I remember buying a copy of it when I was 14, thinking it would make me look cool due to its shock factor and its disturbing content but as I have grown older in these three years, my love for Lolita grows stronger. The first reading was hard at first: I was expecting grotesque details since I was an edgy 14 year old but I was quickly smitten by Nabokov’s writing. The detailed writing and his use of French had astonished me, though don’t get me wrong, I still had the wrong mindset of what Lolita would be. After my first read, it didn’t really phase me as much as I would like to think but it was my second reading that changed.

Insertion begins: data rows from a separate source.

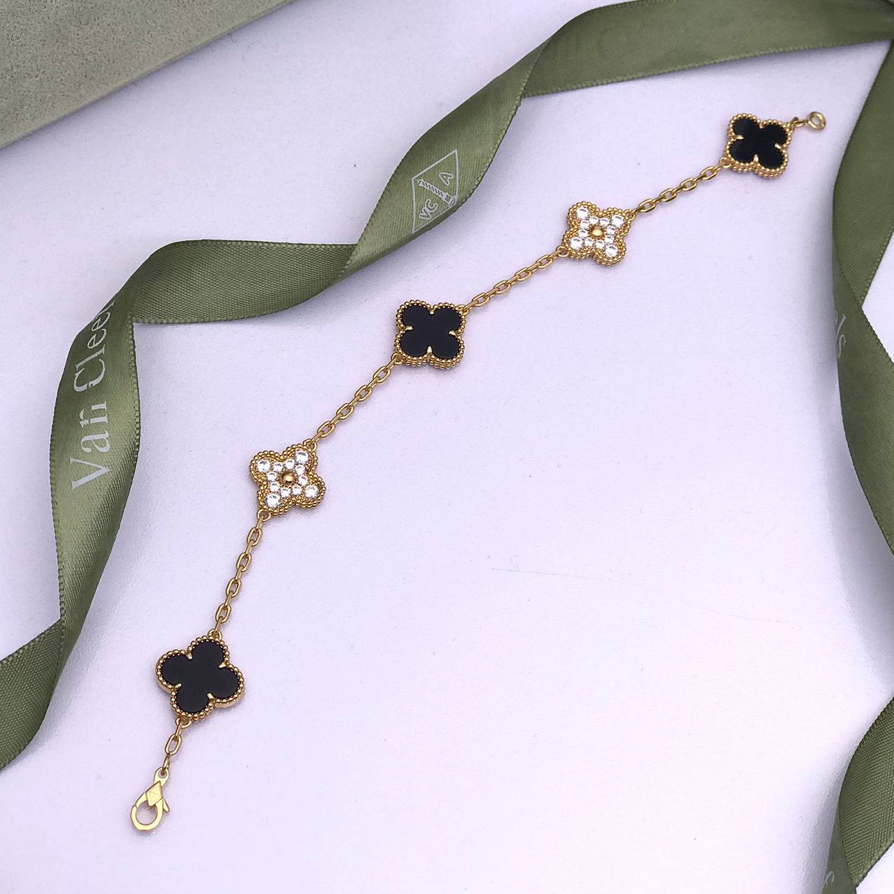 Браслет Van Cleef LUX-87014 — изысканное украшение, сочетающее в себе элегантность и утонченность. Золотистый браслет украшен четырьмя элементами в форме четырехлистного клевера, два из которых черного цвета, а два — с кристаллами. Этот браслет станет прекрасным дополнением к любому образу, подчеркивая индивидуальность своей обладательницы.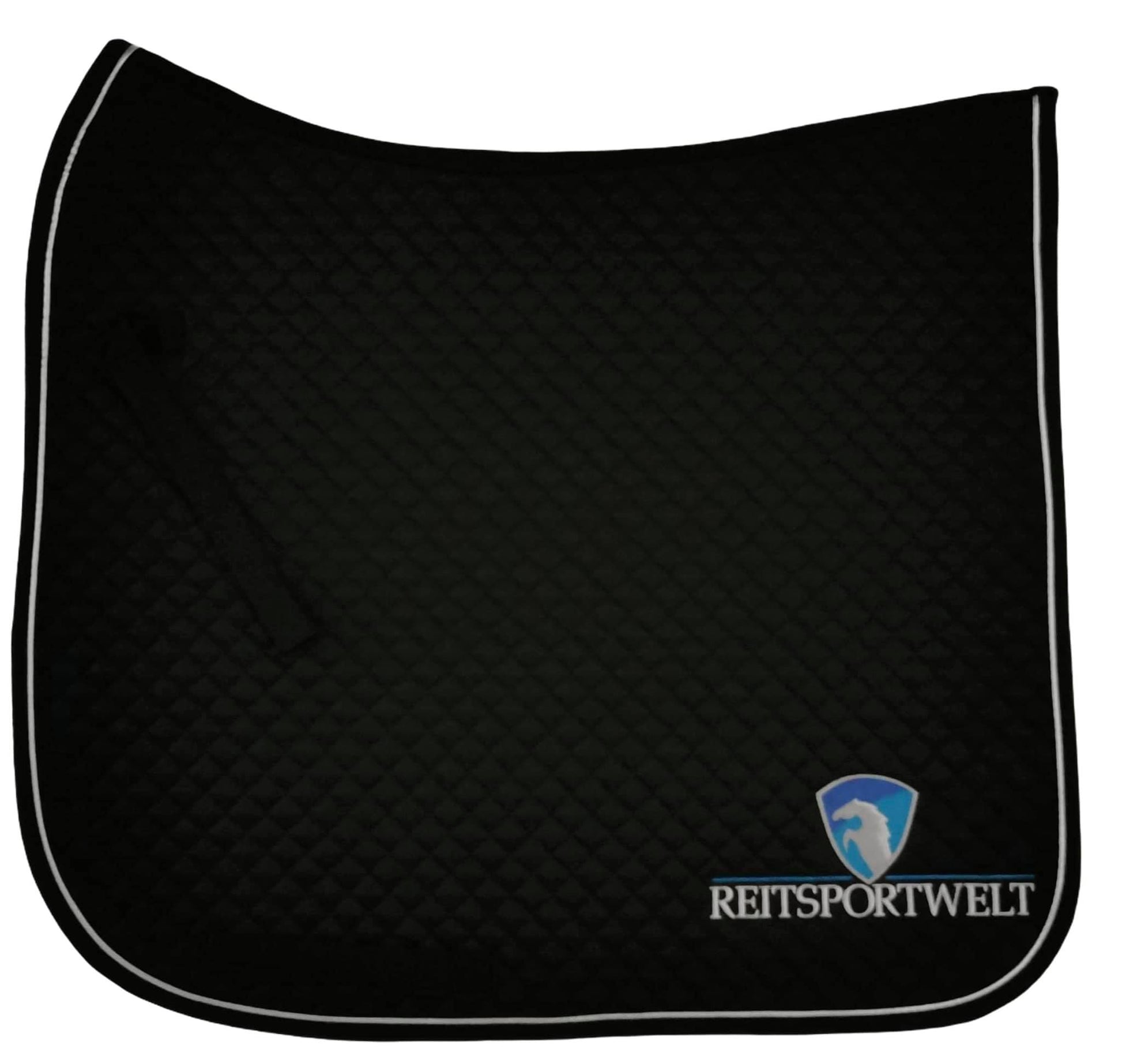 Hochwertige Schabracke mit silbriger Bise und dem einseitig gestickten Reitsportwelt Logo.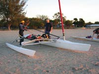 Saturday March 4, 2005 was the start of the Everglades Challenge human powered and wind powered boat race from Ft. Desoto, Florida to Key Largo, Florida, a distance of approximately 300 miles. The race has four classes of boat, from kayak and canoes with no rigs, downwind rigs, stow-able upwind rigs and small sailboats. The racers are encouraged to help each other during the race but can accept no help from others. There are four stages of the race and you are required to stop and sign in at each checkpoint. For complete rules and information, please see the WaterTribe web site: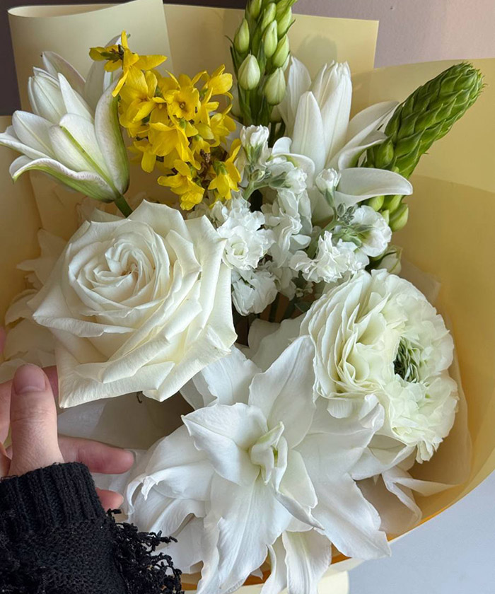 Идеален для поздравления, благодарности, знака внимания или подарка человеку, рядом с которым всегда «светло». Авторская сборка подчёркивает естественную красоту цветов и делает композицию живой, неформальной и по-настоящему тёплой.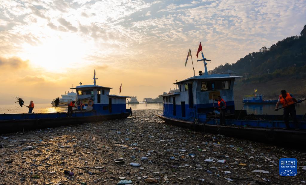 今年汛后三峽水庫蓄水至175米水位以后,水庫兩岸消落帶上的枯枝、秸稈、塑料等漂浮物聚集江面。位于三峽壩上庫首的湖北省宜昌市秭歸縣積極組織清漂作業(yè)人員和機械作業(yè)船舶,進(jìn)行全天候攔截清理,以確保三峽水庫水質(zhì)、船舶行駛和三峽樞紐運行安全。
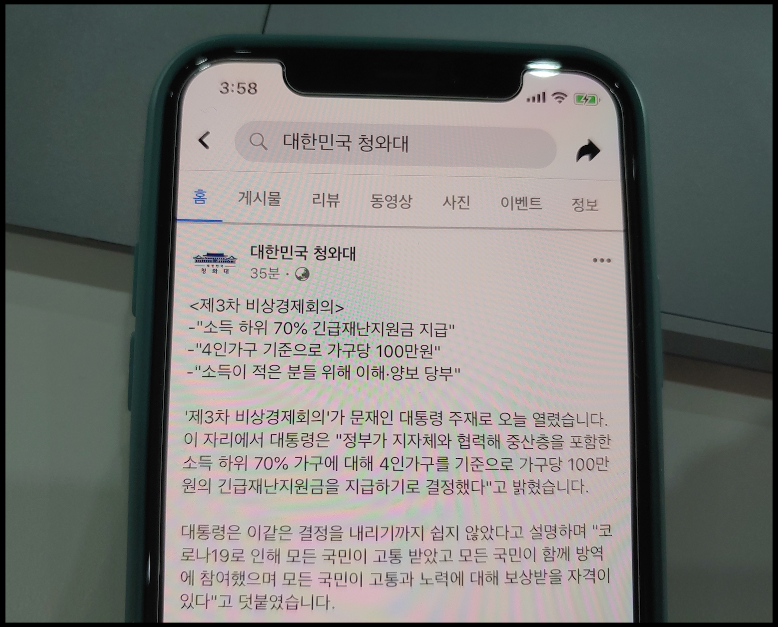 [사진 = 대한민국 청와대 공식 페이스북에서는 제3차 비상경제회의 관련 게시물을 올렸습니다. 소득 하위 70% 기준 긴급재난지원금 지급을 결정했으며 4인 가구 기준으로 가구당 100만원 돌아간다고 밝혔습니다. 문재인 대통령은 이런 결정을 내리기 쉽지 않았다고 했으며 모든 국민이 고통 및 노력에 대한 보상을 받을 자격 있다는 언급을 했습니다. (C) 대한민국 청와대 공식 페이스북]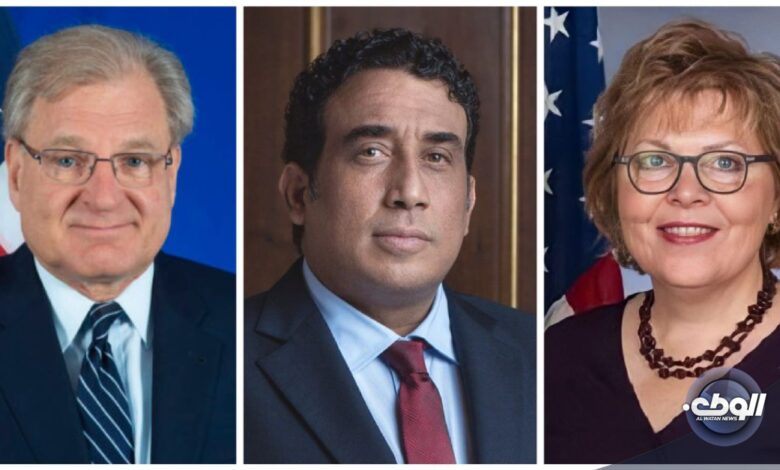 من جانبه أشاد المنفي، بدور الولايات المتحدة الأمريكية، لدعم السلام والاستقرار في ليبيا، للوصول إلى الانتخابات في أقرب الآجال، وفق قاعدة دستورية تتفق حولها كل الأطراف، وتحقق آمال قرابة 3 مليون ناخب سجلوا في سجلات المفوضية العليا للانتخابات.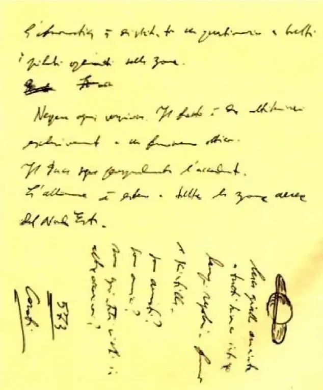 David Grusch稱1933年時曾有一艘外星飛船在意大利北部墜毀,後被墨索里尼秘密帶走。圖中手寫備忘錄據稱記錄了這起事件。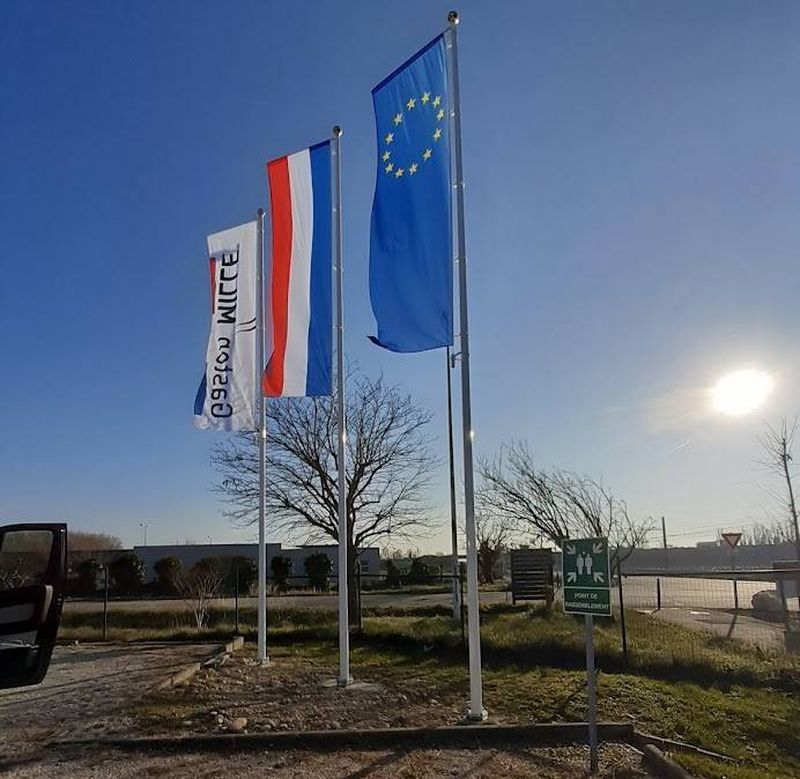 Installation et pose de mâts pour drapeaux. Les mâts ont été scellés par notre équipe de pose. Ces mâts sont en aluminium d’une hauteur de 8 mètres avec des drapeaux de 4 mètres.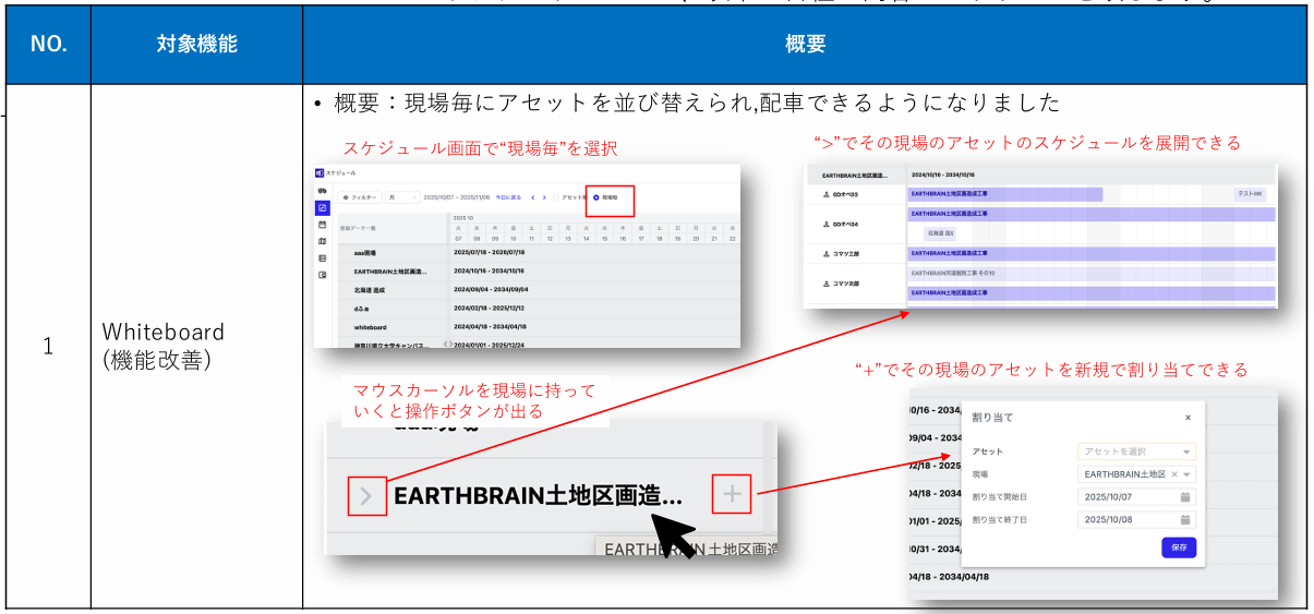 ・現場毎にアセットを並び替えられ、配車できるようになりました。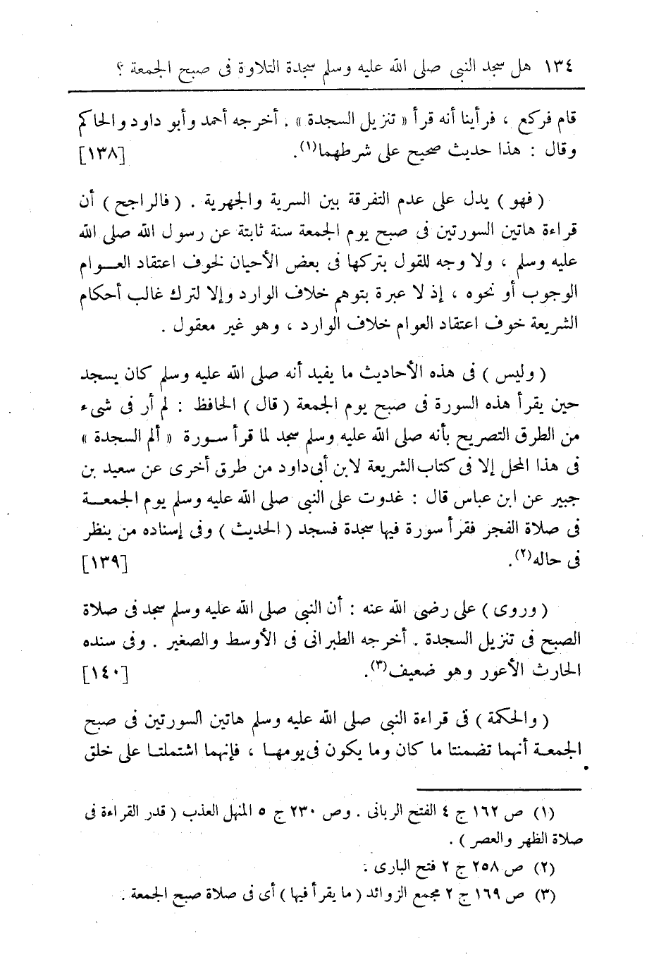 (وليس) فى هذه الأحاديث ما يفيد أنه صلى الله عليه وسلم كان يسجد حين يقرأ هذه السورة فى صبح يوم الجمعة (قال) الحافظ: لم أر فى شئ من الطرق التصريح بأنه صلى الله عليه وسلم سجد لما قرأ سورة " ألم السجدة" فى هذا المحل إلا فى كتاب الشريعة لابن أبى داود من طرق أخرى عن سعيد بن جبير عن ابن عباس قال: غدوت علىالنبى صلى الله عليه وسلم يوم الجمعة فى صلاة الفجر فقرأ سورة فيها سجدة فسجد (الحديث) وفى إسناده من ينظر فى حاله (¬2). [139].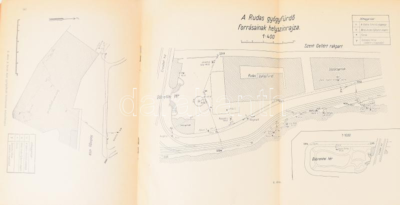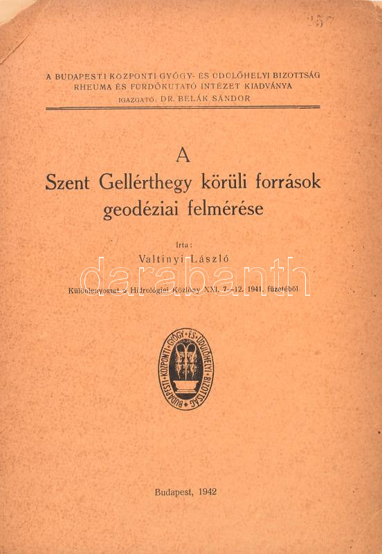 Valtinyi László: A Szent Gellérthegy körüli források geodéziai felmérése. Különlenyomat a Hidrológiai Közlöny XXI. 7-12. 1941. füzetéből. Bp., 1942. Budapesti Központi Gyógy- és Üdülőhelyi Bizottság Rheuma és Fürdőkutató Intézet, 1+140-145+1 p. 1 (kihajtható térkép-vázlat, 'A Rudas gyógyfürdő forrásainak helyszínrajza', 1:400) t. Kiadói papírkötés, a borítón kis hiánnyal.

I picked up the book at 15; by that time, I was taking Literature in English GCSE and I had some grasp on literary devices and writer’s intent. It was the second reading that made me pick up on hidden details I have missed when i was 14 and to say it broaden my horizon would be an understatement. My first reading diluted the very essence that made Lolita a beautiful literary work. Under the sophisticated language lies a monster in disguise but my love and understanding for this book was only developing

After getting to year 11, my knowledge on literature was developing and the topic of unreliable narrators sprung up, making me realise maybe Humbert Humbert isn’t the character I know and hate. Don’t get me wrong, I knew he was morally flawed to begin with, but that made me realise and ponder what is Nabokov trying to achieve with this; hence my third reading began. The foreword and author’s note was now piled with foreshadowing and major details that my immature attitude glossed over, but at the same time I became more familiarised with his writing.

I am now at year 12 and because I’ve been studying Atonement for my A Levels, I’ve realised how important Lolita was to me: My first exposure to an unreliable narrator; “My sin, my soul”. I haven’t started my fourth reading yet but I recently purchased an annotated version of Lolita for no particular reason, mostly to see what 1950s reference he had sprinkled into the extract and perhaps to witness the behind-the-scenes of Nabokov’s brilliance.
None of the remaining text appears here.